● **WORK INSTRUCTIONS**
The answer must consist only of the lines in the records below from the line with "تهیه شده از" to the line with "See illustrations of", both included, copied word for word with every picture left out.

● **Excerpts from a dataset**
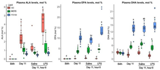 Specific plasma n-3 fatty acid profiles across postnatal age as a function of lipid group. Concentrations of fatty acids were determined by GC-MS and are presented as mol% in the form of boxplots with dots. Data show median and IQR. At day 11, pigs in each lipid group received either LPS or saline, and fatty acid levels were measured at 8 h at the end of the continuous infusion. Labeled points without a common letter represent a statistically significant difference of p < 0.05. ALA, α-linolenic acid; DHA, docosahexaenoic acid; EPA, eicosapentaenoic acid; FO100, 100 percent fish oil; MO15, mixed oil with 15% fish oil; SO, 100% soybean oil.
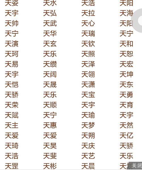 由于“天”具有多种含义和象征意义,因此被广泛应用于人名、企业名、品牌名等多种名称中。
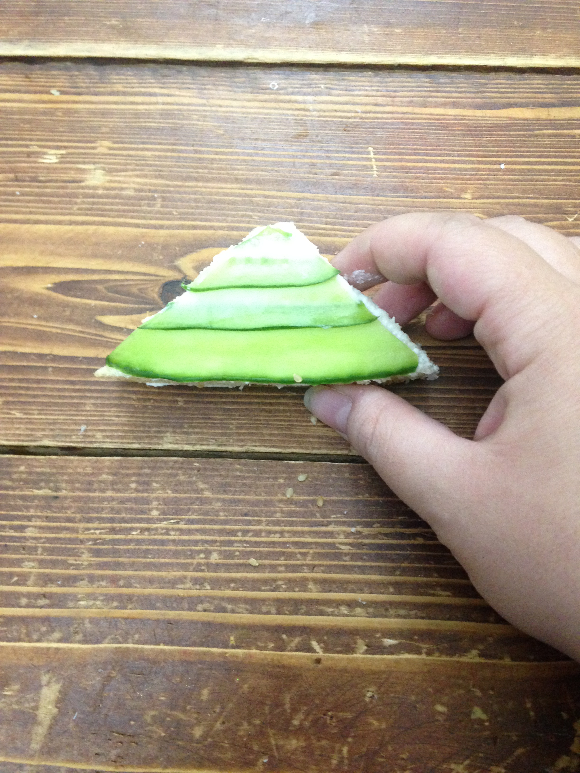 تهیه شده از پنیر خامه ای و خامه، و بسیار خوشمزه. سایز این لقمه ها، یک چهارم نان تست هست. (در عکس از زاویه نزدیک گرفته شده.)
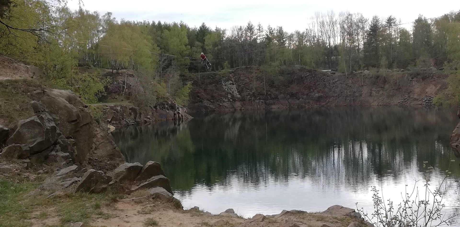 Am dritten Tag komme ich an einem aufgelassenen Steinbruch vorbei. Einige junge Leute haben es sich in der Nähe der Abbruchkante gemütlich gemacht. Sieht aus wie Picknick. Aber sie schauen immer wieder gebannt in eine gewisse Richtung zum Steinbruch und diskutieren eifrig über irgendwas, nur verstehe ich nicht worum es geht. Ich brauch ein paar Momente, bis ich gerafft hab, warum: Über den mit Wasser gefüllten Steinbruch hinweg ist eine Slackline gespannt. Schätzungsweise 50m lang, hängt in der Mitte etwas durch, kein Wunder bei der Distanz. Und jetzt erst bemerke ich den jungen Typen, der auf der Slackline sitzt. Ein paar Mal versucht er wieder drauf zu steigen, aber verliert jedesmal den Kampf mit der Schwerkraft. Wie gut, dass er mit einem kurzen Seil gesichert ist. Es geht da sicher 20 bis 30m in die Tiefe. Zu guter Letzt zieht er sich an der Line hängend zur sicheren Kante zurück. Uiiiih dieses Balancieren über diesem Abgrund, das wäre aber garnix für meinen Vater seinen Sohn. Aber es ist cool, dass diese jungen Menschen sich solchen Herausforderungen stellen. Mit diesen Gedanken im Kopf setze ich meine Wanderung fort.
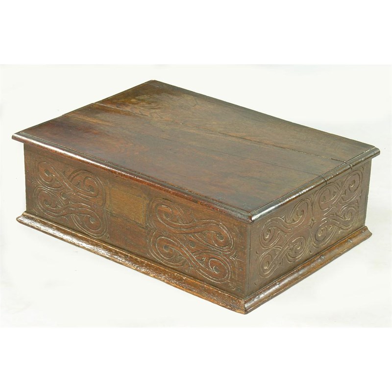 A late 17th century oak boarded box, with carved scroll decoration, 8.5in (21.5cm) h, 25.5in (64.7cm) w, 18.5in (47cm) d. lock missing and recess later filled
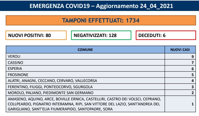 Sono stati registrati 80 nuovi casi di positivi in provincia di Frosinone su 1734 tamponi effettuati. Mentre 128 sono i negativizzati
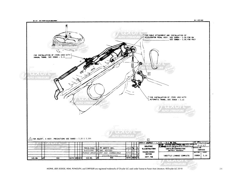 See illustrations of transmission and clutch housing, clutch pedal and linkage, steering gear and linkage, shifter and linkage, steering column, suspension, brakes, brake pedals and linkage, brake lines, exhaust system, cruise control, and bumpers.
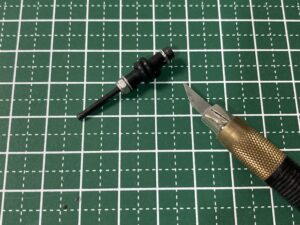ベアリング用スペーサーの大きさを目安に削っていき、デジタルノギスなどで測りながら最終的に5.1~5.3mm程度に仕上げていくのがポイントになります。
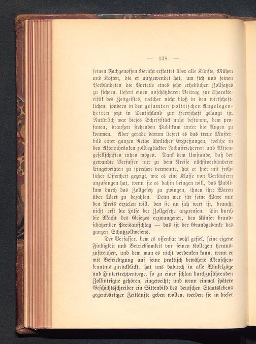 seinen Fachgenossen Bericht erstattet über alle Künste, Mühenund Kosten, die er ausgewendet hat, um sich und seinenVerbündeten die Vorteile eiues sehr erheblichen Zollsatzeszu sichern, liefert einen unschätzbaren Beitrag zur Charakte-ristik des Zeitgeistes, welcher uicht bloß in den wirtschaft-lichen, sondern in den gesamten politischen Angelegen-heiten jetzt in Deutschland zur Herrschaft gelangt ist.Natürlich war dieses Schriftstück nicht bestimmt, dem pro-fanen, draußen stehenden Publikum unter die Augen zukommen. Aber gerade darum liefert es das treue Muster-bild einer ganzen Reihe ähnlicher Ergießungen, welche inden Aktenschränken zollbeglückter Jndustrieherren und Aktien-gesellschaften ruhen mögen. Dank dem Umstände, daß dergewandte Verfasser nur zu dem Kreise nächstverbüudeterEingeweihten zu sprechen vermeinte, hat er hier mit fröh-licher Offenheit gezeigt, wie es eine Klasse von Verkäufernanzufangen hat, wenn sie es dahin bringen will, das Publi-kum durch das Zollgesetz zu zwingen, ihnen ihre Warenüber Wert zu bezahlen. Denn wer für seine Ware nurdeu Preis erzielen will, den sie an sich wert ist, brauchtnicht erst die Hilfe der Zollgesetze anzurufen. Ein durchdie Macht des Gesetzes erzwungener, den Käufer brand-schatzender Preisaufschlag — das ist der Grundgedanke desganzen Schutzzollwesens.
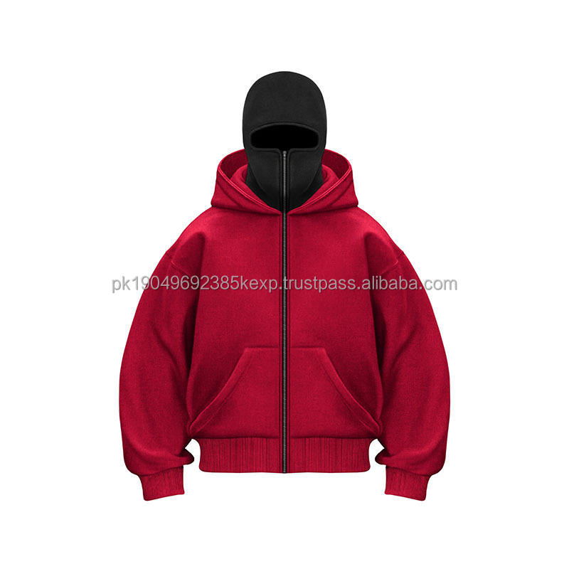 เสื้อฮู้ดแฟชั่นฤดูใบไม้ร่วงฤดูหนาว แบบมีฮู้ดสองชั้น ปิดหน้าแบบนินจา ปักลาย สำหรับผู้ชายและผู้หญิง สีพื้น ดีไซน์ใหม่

● **RESULT OF THIS TASK**
 تهیه شده از پنیر خامه ای و خامه، و بسیار خوشمزه. سایز این لقمه ها، یک چهارم نان تست هست. (در عکس از زاویه نزدیک گرفته شده.)
 Am dritten Tag komme ich an einem aufgelassenen Steinbruch vorbei. Einige junge Leute haben es sich in der Nähe der Abbruchkante gemütlich gemacht. Sieht aus wie Picknick. Aber sie schauen immer wieder gebannt in eine gewisse Richtung zum Steinbruch und diskutieren eifrig über irgendwas, nur verstehe ich nicht worum es geht. Ich brauch ein paar Momente, bis ich gerafft hab, warum: Über den mit Wasser gefüllten Steinbruch hinweg ist eine Slackline gespannt. Schätzungsweise 50m lang, hängt in der Mitte etwas durch, kein Wunder bei der Distanz. Und jetzt erst bemerke ich den jungen Typen, der auf der Slackline sitzt. Ein paar Mal versucht er wieder drauf zu steigen, aber verliert jedesmal den Kampf mit der Schwerkraft. Wie gut, dass er mit einem kurzen Seil gesichert ist. Es geht da sicher 20 bis 30m in die Tiefe. Zu guter Letzt zieht er sich an der Line hängend zur sicheren Kante zurück. Uiiiih dieses Balancieren über diesem Abgrund, das wäre aber garnix für meinen Vater seinen Sohn. Aber es ist cool, dass diese jungen Menschen sich solchen Herausforderungen stellen. Mit diesen Gedanken im Kopf setze ich meine Wanderung fort.
 A late 17th century oak boarded box, with carved scroll decoration, 8.5in (21.5cm) h, 25.5in (64.7cm) w, 18.5in (47cm) d. lock missing and recess later filled
 Sono stati registrati 80 nuovi casi di positivi in provincia di Frosinone su 1734 tamponi effettuati. Mentre 128 sono i negativizzati
 See illustrations of transmission and clutch housing, clutch pedal and linkage, steering gear and linkage, shifter and linkage, steering column, suspension, brakes, brake pedals and linkage, brake lines, exhaust system, cruise control, and bumpers.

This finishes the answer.